Он ничего не говорил Арине, не ругал ее за неожиданную выходку, о которой, вполне возможно, скоро напишут в газетах, как всегда, изрядно приврав и приукрасив, и молчал всю дорогу, пока ехали от загородного ресторана, где хотели посидеть на прощание, чтобы никто не мешал.
Но – не получилось.
И теперь едва ли получится, потому что завтра будет суетный день, а послезавтра Арина уедет в далекий и неведомый Харбин.
«Если бы кто-нибудь сказал вам, уважаемый Яков Сергеевич, еще месяца три назад о том, что соизволите сделать, – мысленно беседовал сам с собой Черногорин, – вы непременно посоветовали бы тому, кто это сказал, отправляться без раздумий в скорбный дом. А теперь вот сами все сделали и в скорбный дом не собираетесь. Метаморфоза получается, большая метаморфоза. А, впрочем, и вся наша жизнь – сплошная метаморфоза…»
Беседовал Черногорин сам с собою и сам себе не переставал удивляться. Было чему удивляться. За считанные дни он разорвал все контракты, заключенные на выступления певицы Бурановой, в том числе и на гастроли в Крым, которые сулили большие сборы, уплатил неустойки, и все это было исполнено ради Арины, которая разом обрывала свои выступления, отбрасывала их, как ненужные, в сторону, устремляясь в далекий Харбин. Деньги, большие деньги, со свистом улетали на ветер, а здравые доводы, которые Черногорин пытался поначалу внушить Арине, разбивались, будто хрупкое стекло, о беззаботное восклицание:
– Да все мои сборы одного Ванечкиного мизинца не стоят! Делай, Яков Сергеевич, как я говорю! На наш век денег хватит, еще заработаем!
Он подчинялся и даже руками перед собой не разводил, а время от времени в ужасе хватался за голову, словно желал проверить – не сошел ли с ума? Нет, не сошел. Более того, когда все неустойки были уплачены, он абсолютно успокоился и о потерянных деньгах нисколько не жалел, его томило лишь одно печальное чувство, что придется расстаться с Ариной. Надолго ли?
Этого, похоже, не знала и сама Арина. Поэтому он и не спрашивал.

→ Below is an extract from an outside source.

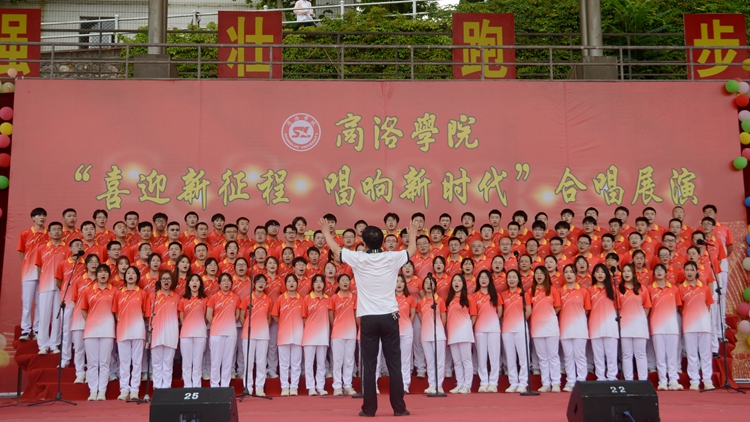 為貫徹落實(shí)黨的二十大精神和中省關(guān)于加強(qiáng)新時(shí)代美育工作相關(guān)文件要求,推進(jìn)學(xué)校美育改革發(fā)展,6月21日下午,我校“喜迎新征程 唱響新時(shí)代”主題合唱藝術(shù)展演活動(dòng)于北新街校區(qū)體育場成功舉辦。校黨委書記張志昌,校長范新會(huì),黨委副書記劉勇,副校長劉寶盈、王新軍、郭瑾出席活動(dòng)并參與合唱。學(xué)校美育工作領(lǐng)導(dǎo)小組相關(guān)職能部門主要負(fù)責(zé)人,各二級(jí)學(xué)院黨政負(fù)責(zé)人,各合唱團(tuán)成員及師生代表千余人現(xiàn)場觀看展演。
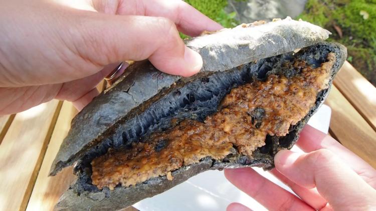 竹炭パウダーと五穀を練りこんだ生地に、粒感のある黒糖ピーナッツクリームがたっぷり。

Ласточка, едва лишь они переступили порог квартиры, с сожалением сообщила новость:
– Благинин с Суховым приезжали. Ждали-ждали, не дождались. Сказали, что сразу на вокзал приедут, чтоб попрощаться.
– Жаль, – вздохнула Арина, – посидели бы на прощание, поговорили бы по душам…
– Да я предлагала и чай приготовила, но они торопились. Говорят, на какой-то вечер их наняли, гостям поиграть…
– Наняли их! – Черногорин развел руками. – Кто их нанял? Почему я не знаю?! Кто, говорю, нанял?!
– Мне они, Яков Сергеевич, не докладывали, – обиделась Ласточка, – призовите их к себе и спрашивайте, а на меня-то кричать не следует.
– Не беспокойся, призову и спрошу. Никто никуда не уходит, как были вместе, так и остаемся, и ждем возвращения Арины Васильевны! Ясно выражаюсь?!
– Да не дурочка я, понимаю, и уходить не собираюсь, мне вот этот дом караулить надо. А, может, с собой меня возьмешь, Арина Васильевна?
– Нет, Ласточка, поеду я одна, потому что так решила. И пустых разговоров на этот счет не заводи. Платье привезла?
– В спальне лежит, – вздохнула Ласточка и заморгала часто, пытаясь скрыть слезы, навернувшиеся в ее добрых коровьих глазах.
Арина быстро прошла в спальню, долго не возвращалась, а когда вышла оттуда, Черногорин поперхнулся чаем, который подала ему Ласточка, фарфоровая чашка едва не выскользнула из руки и не грохнулась на пол. Не-е-т, с Ариной Васильевной никогда не соскучишься и никогда не угадаешь верно, какой шаг сделает она в следующий момент и куда именно шагнет…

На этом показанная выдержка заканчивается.